Ah, The French
French president Jacques Chirac and the entire French delegation to a European Union summit walked out of the meeting when a French lobbyist switched from speaking French to the English language.
"I have to say I was profoundly shocked to see a Frenchman express himself in English at the (EU) Council table. That’s why the French delegation and myself walked out rather than listen to that," Chirac told reporters.
"It is not just national interest, it is in the interest of culture and the dialogue of cultures. You cannot build the world of the future on just one language and, hence one culture."
It seems old Jacques and George Lucas think a lot alike.
Thankfully, my forebears had the intelligence and good taste to get themselves thrown out of France.






By Tom, Friday, 24 March , 2006 @ 3:35 pm
Go ahead & have your snit! At least they’ll take the snails off the lunch menu…
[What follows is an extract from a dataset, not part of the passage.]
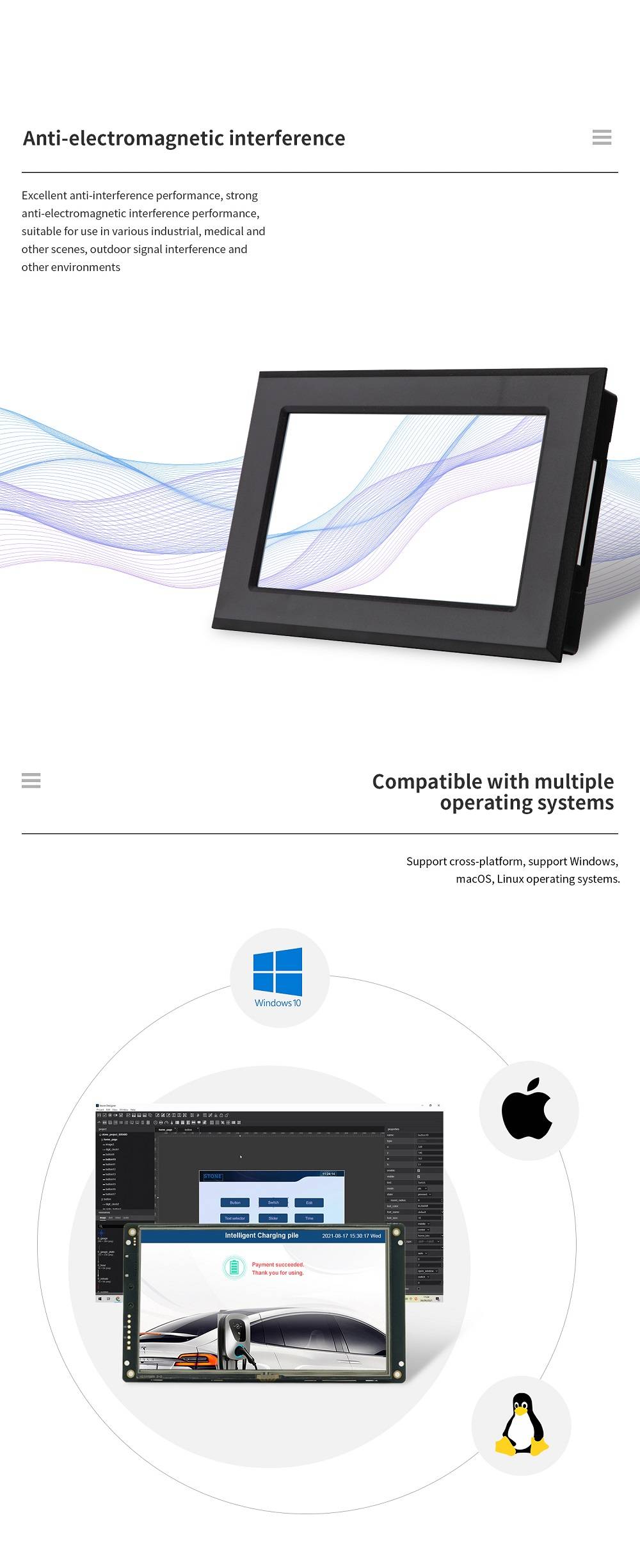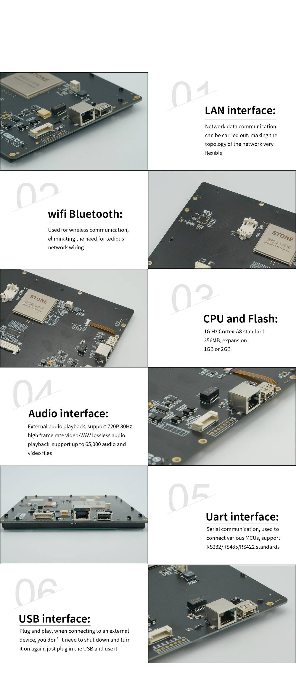 ВSTWI056WT/N-01Была задумана какTFT мониторИСенсорный контроллер.Он включает в себя процессор, программу управления, драйвер, флэш-память, RS232/RS422 / RS485/ TTL / LAN порт, Wi-Fi/Bluetooth, Сенсорный экран, источник питания и т. Д., поэтому это целая система отображения, основанная на мощной и легкой операционной системе,Который может управляться любым MCU.

By Gauis Arbo, Friday, 24 March , 2006 @ 3:41 pm
Insane level of arrogance, isn’t it?
By Patrick EMIN, Saturday, 25 March , 2006 @ 4:27 am
Hi, Chirac did not walked away because M.Seilliere spoke english (Chirac is fluent in english and has certainly no problem with the language!), but because M.Seilliere, who started his speech in french, suddendly turned to english because he said “english is the language for business”. English is no more the language of business than french is the language of poetry, or italian the language of arts. Any speech can be given in any language, in other words, a language is not used according to the content of a speech but according to your audience. In this case, the audience was the european council and as far as I know, the very vast majority of attendants don’t have english as their mother tongue. All speeches are translated anyway and english was absolutely not necessary. M. Chirac was right to point out this anomaly, but wrong to walk out, he should have said to the audience “Et maintenant, mesdames et messieurs, we are going to hear M.Seilliere speech”. That would have had much more impact…
By Gauis Arbo, Saturday, 25 March , 2006 @ 6:33 am
Patrick, that is a distinction without a difference, is it not? I rather doubt the majority of attendees had French as their mother tongue, either.
English IS the language of air traffic control, is it not?
I agree, it was incredibly inept to walk out. IT was basically asking for bad press. Ask yourself, what would the headlines be if Bush had walked out over what language had been spoken at a meeting. OR if someone had said “French is the language of {pick a subject}” as you point out.
Chirac could have easily made his point, as you suggest, be being very, very polite instead of arrogantly rude…
(O/T, for some reason your comment did not queue up properly, but I rescued it and got it in the right spot. It may have been that you hyperlinked your name, I’m not sure. I’m still learning WordPress.)